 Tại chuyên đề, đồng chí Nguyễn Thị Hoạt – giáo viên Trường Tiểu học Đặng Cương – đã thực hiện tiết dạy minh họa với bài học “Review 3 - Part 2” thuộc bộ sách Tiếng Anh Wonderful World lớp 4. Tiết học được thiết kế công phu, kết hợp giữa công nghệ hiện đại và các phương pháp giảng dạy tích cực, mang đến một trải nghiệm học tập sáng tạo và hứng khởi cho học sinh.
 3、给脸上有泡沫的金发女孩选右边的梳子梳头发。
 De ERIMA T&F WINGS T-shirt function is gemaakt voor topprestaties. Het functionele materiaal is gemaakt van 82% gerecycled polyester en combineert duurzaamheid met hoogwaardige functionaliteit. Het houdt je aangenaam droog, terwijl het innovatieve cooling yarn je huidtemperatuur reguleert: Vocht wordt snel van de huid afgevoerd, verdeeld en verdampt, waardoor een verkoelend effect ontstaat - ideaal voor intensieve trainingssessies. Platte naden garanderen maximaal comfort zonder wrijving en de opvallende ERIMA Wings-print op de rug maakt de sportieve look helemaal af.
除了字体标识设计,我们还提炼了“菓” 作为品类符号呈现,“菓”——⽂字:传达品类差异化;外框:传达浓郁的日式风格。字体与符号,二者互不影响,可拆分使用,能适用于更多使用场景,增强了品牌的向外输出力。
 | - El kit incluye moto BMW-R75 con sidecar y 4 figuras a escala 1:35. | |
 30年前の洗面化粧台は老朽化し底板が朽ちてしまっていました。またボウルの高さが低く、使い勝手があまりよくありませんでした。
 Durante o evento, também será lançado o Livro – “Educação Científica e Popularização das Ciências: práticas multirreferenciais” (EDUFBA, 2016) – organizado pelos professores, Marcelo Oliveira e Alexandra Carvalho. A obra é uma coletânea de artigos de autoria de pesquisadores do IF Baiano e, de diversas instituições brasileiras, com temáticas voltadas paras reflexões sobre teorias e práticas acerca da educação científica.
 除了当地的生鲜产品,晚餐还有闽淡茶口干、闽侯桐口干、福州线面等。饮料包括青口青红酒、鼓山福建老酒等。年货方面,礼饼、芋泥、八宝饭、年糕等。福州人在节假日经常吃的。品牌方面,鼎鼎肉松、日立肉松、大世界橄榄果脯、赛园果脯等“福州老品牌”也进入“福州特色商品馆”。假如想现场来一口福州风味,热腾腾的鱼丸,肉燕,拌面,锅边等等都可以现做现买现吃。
===
WORK INSTRUCTIONS: The lines above should be duplicated exactly.

EXPECTED ANSWER:
 Tại chuyên đề, đồng chí Nguyễn Thị Hoạt – giáo viên Trường Tiểu học Đặng Cương – đã thực hiện tiết dạy minh họa với bài học “Review 3 - Part 2” thuộc bộ sách Tiếng Anh Wonderful World lớp 4. Tiết học được thiết kế công phu, kết hợp giữa công nghệ hiện đại và các phương pháp giảng dạy tích cực, mang đến một trải nghiệm học tập sáng tạo và hứng khởi cho học sinh.
 3、给脸上有泡沫的金发女孩选右边的梳子梳头发。
 De ERIMA T&F WINGS T-shirt function is gemaakt voor topprestaties. Het functionele materiaal is gemaakt van 82% gerecycled polyester en combineert duurzaamheid met hoogwaardige functionaliteit. Het houdt je aangenaam droog, terwijl het innovatieve cooling yarn je huidtemperatuur reguleert: Vocht wordt snel van de huid afgevoerd, verdeeld en verdampt, waardoor een verkoelend effect ontstaat - ideaal voor intensieve trainingssessies. Platte naden garanderen maximaal comfort zonder wrijving en de opvallende ERIMA Wings-print op de rug maakt de sportieve look helemaal af.
除了字体标识设计,我们还提炼了“菓” 作为品类符号呈现,“菓”——⽂字:传达品类差异化;外框:传达浓郁的日式风格。字体与符号,二者互不影响,可拆分使用,能适用于更多使用场景,增强了品牌的向外输出力。
 | - El kit incluye moto BMW-R75 con sidecar y 4 figuras a escala 1:35. | |
 30年前の洗面化粧台は老朽化し底板が朽ちてしまっていました。またボウルの高さが低く、使い勝手があまりよくありませんでした。
 Durante o evento, também será lançado o Livro – “Educação Científica e Popularização das Ciências: práticas multirreferenciais” (EDUFBA, 2016) – organizado pelos professores, Marcelo Oliveira e Alexandra Carvalho. A obra é uma coletânea de artigos de autoria de pesquisadores do IF Baiano e, de diversas instituições brasileiras, com temáticas voltadas paras reflexões sobre teorias e práticas acerca da educação científica.
 除了当地的生鲜产品,晚餐还有闽淡茶口干、闽侯桐口干、福州线面等。饮料包括青口青红酒、鼓山福建老酒等。年货方面,礼饼、芋泥、八宝饭、年糕等。福州人在节假日经常吃的。品牌方面,鼎鼎肉松、日立肉松、大世界橄榄果脯、赛园果脯等“福州老品牌”也进入“福州特色商品馆”。假如想现场来一口福州风味,热腾腾的鱼丸,肉燕,拌面,锅边等等都可以现做现买现吃。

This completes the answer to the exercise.